• **Task brief**:
Transcribe every line of the material below exactly, leaving out the pictures.

• **Data segment**:

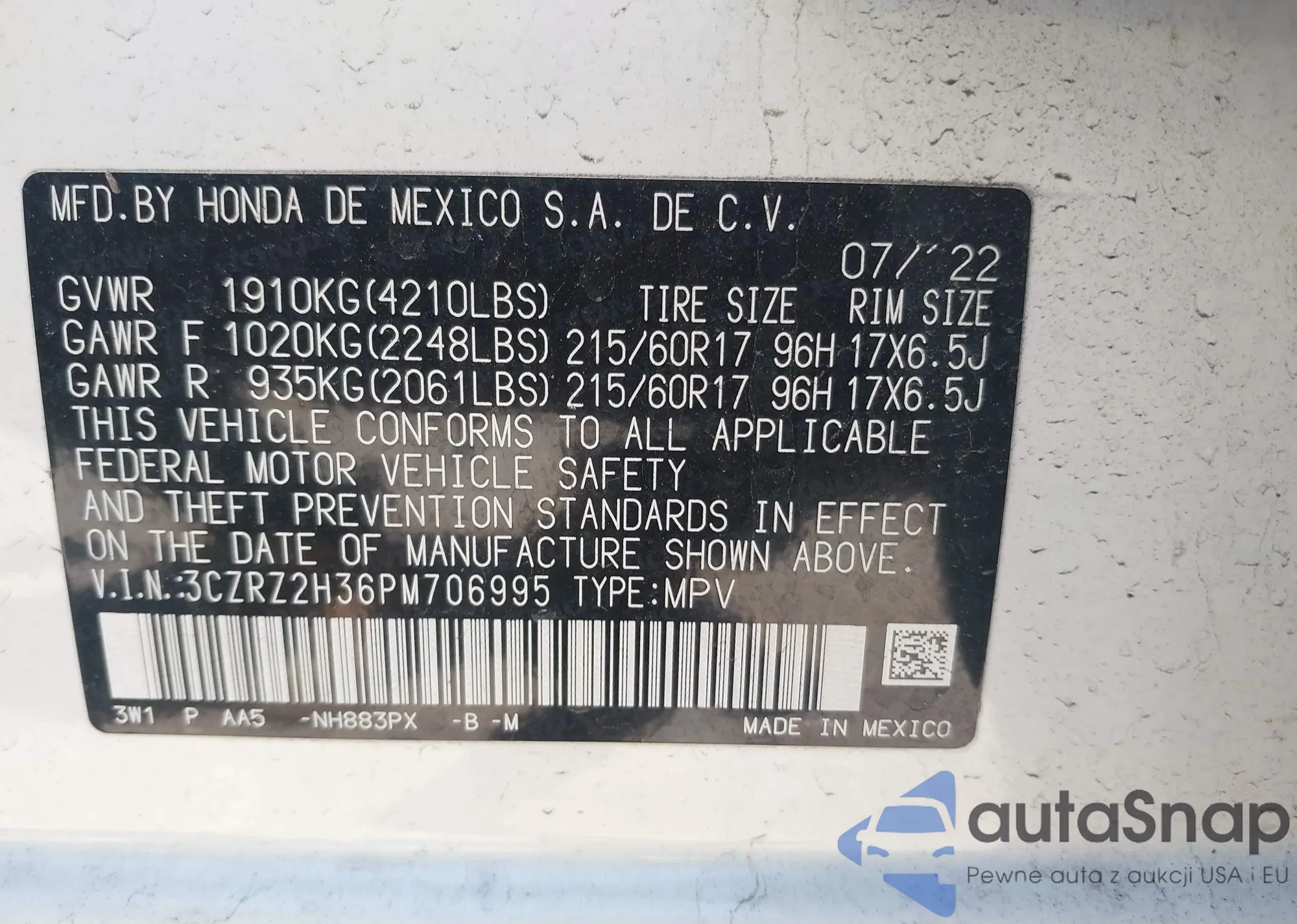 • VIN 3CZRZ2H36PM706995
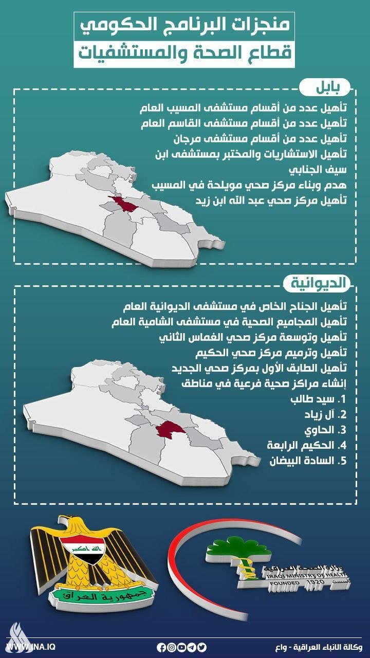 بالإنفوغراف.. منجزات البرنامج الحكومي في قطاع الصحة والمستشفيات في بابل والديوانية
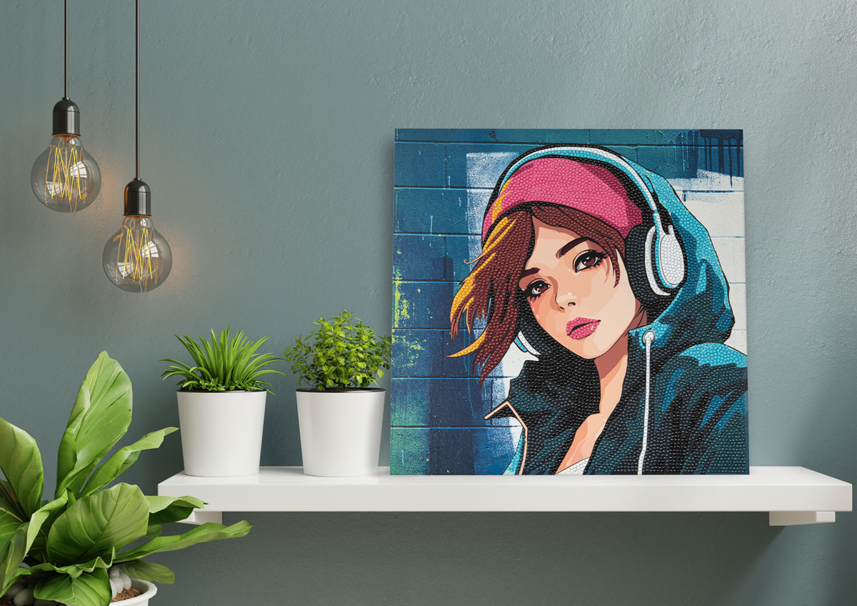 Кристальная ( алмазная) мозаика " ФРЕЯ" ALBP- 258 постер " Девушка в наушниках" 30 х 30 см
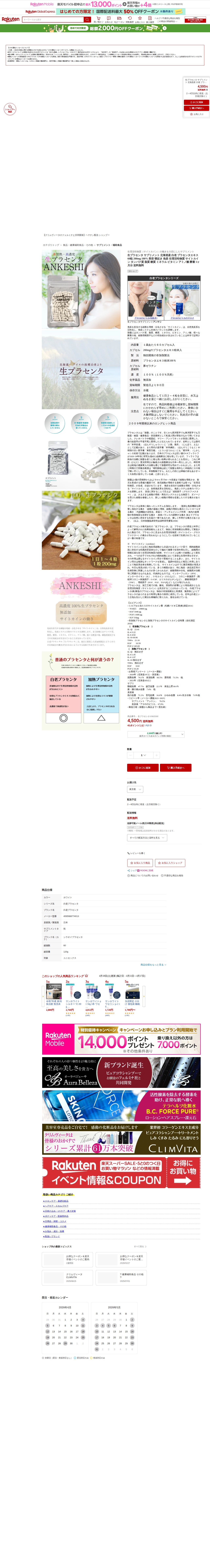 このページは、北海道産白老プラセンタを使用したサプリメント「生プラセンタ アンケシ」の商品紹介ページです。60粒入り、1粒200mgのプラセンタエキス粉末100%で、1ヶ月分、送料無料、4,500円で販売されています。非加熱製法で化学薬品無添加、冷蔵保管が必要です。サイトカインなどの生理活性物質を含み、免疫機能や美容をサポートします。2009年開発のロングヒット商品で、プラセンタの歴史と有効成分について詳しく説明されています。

• **Finished exercise**:
 • VIN 3CZRZ2H36PM706995
 بالإنفوغراف.. منجزات البرنامج الحكومي في قطاع الصحة والمستشفيات في بابل والديوانية
 Кристальная ( алмазная) мозаика " ФРЕЯ" ALBP- 258 постер " Девушка в наушниках" 30 х 30 см
 このページは、北海道産白老プラセンタを使用したサプリメント「生プラセンタ アンケシ」の商品紹介ページです。60粒入り、1粒200mgのプラセンタエキス粉末100%で、1ヶ月分、送料無料、4,500円で販売されています。非加熱製法で化学薬品無添加、冷蔵保管が必要です。サイトカインなどの生理活性物質を含み、免疫機能や美容をサポートします。2009年開発のロングヒット商品で、プラセンタの歴史と有効成分について詳しく説明されています。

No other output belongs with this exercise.